We have learned the hard way that if debt reaches current US levels, stopping a slide into insolvency is very painful. There is no prospect of the US getting out of the debt mess by defaulting – they can just print dollars. Trying to square the circle of continuing to borrow big, while paying rising interest bills, can only be achieved in one of two ways – through inflation, or by what is termed financial repression. While the latter is less likely, it would involve the US government forcing the rest of the US economy to lend to it. However, if the US government hoovered up all national savings, this would severely impact on investment and growth, as has happened in Japan.
The US budgetary problems matter for the rest of the world because most countries, including China, hold much of their financial reserves in the form of US government debt.
In the early 1970s under Richard Nixon, when US borrowing was out of control, inflation was allowed to dramatically increase, peaking at 11 per cent in 1974. This very rapidly eroded the value of the US debt, which also represented much of the financial reserves held by the rest of the world.
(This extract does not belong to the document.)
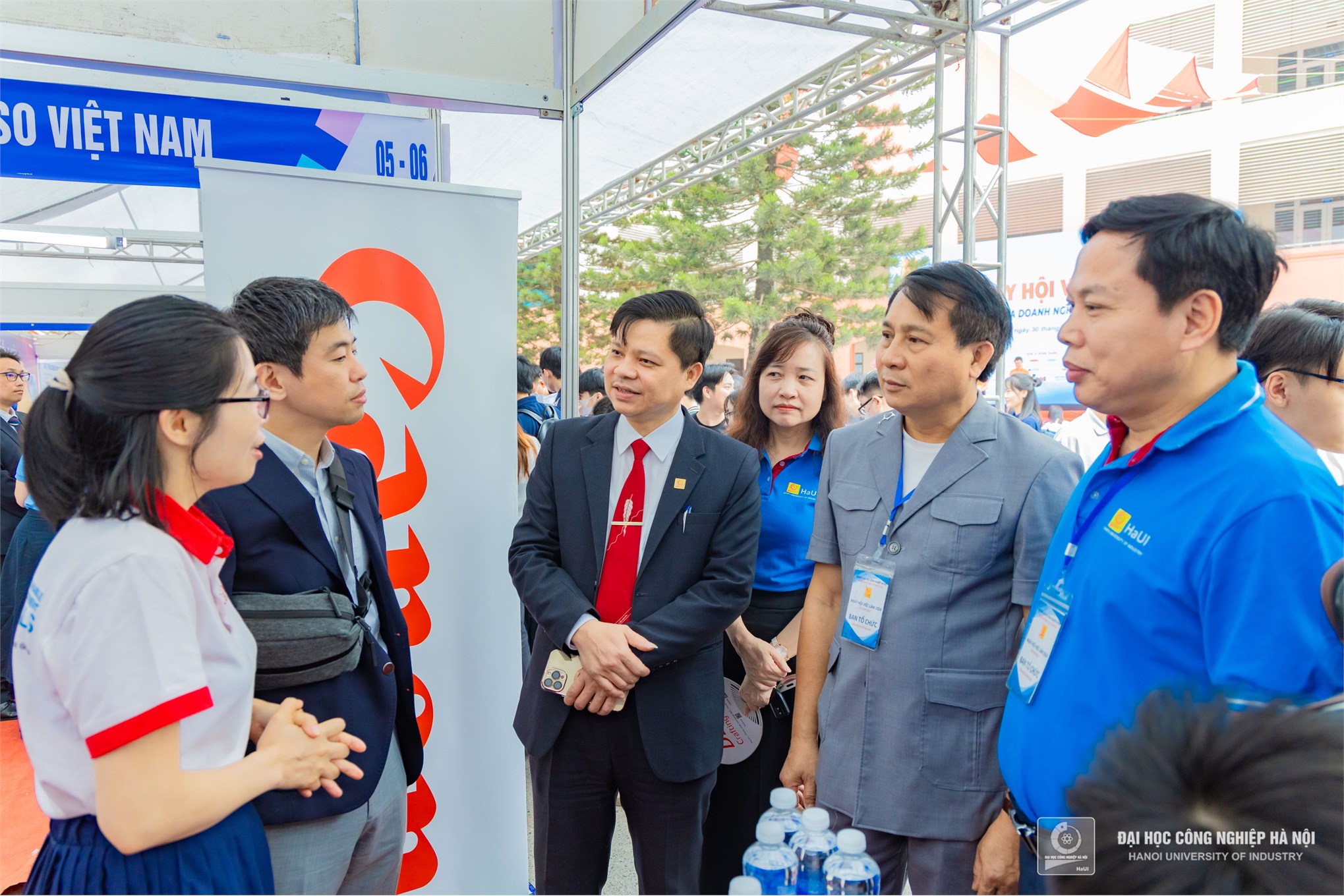 PGS.TS.Lê Hồng Quân – Bí thư Đảng ủy, Chủ tịch Hội đồng Trường và PGS.TS.Phạm Văn Đông – Phó Hiệu trưởng Đại học Công nghiệp Hà Nội tham quan các gian hàng

In response to reproaches from US creditors, the then US treasury secretary John Connally responded with Trump-like arrogance: “Our money, your problem”. This pattern was repeated under Ronald Reagan, and it is highly likely that under Trump a burst of inflation will again be needed to erode the US government debt, much of which represents foreigners’ reserves.
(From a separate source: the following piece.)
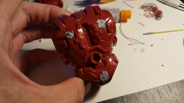На наплечниках фигурки есть не эстетичная плоскость. На настоящем Х это выглядит сильно по другому, но я решил, что не сильно буду заморачиваться и просто слеплю чё нить.

Already, worry about this has led to a fall of 10 per cent in the value of the dollar compared to the euro since Trump took office. For our exports to the US, the 10 per cent increase in their cost in dollars comes as a double whammy on top of the 10 per cent tariff rate already imposed.
Other countries won’t be as ready to lend to the US when the value of their bond holdings are being eroded. To date, the interest rate paid by the US government for long-term borrowing has not risen significantly, but it is likely to do so over coming years, given the growing risk that the inflation solution will be adopted.
With rapidly rising debt, there’s increasing temptation for the US to allow inflation by persuading the US central bank, the “Fed”, to reduce short-term interest rates, rather than choking off inflation through higher interest rates. To date, Trump’s threats to force the Fed to reduce interest rates have fallen on deaf ears.
Trump may continue to try to strong-arm current Fed chairman Jerome Powell, but will doubtless replace him at the end of his term next year with a less independent, more pliant, nominee.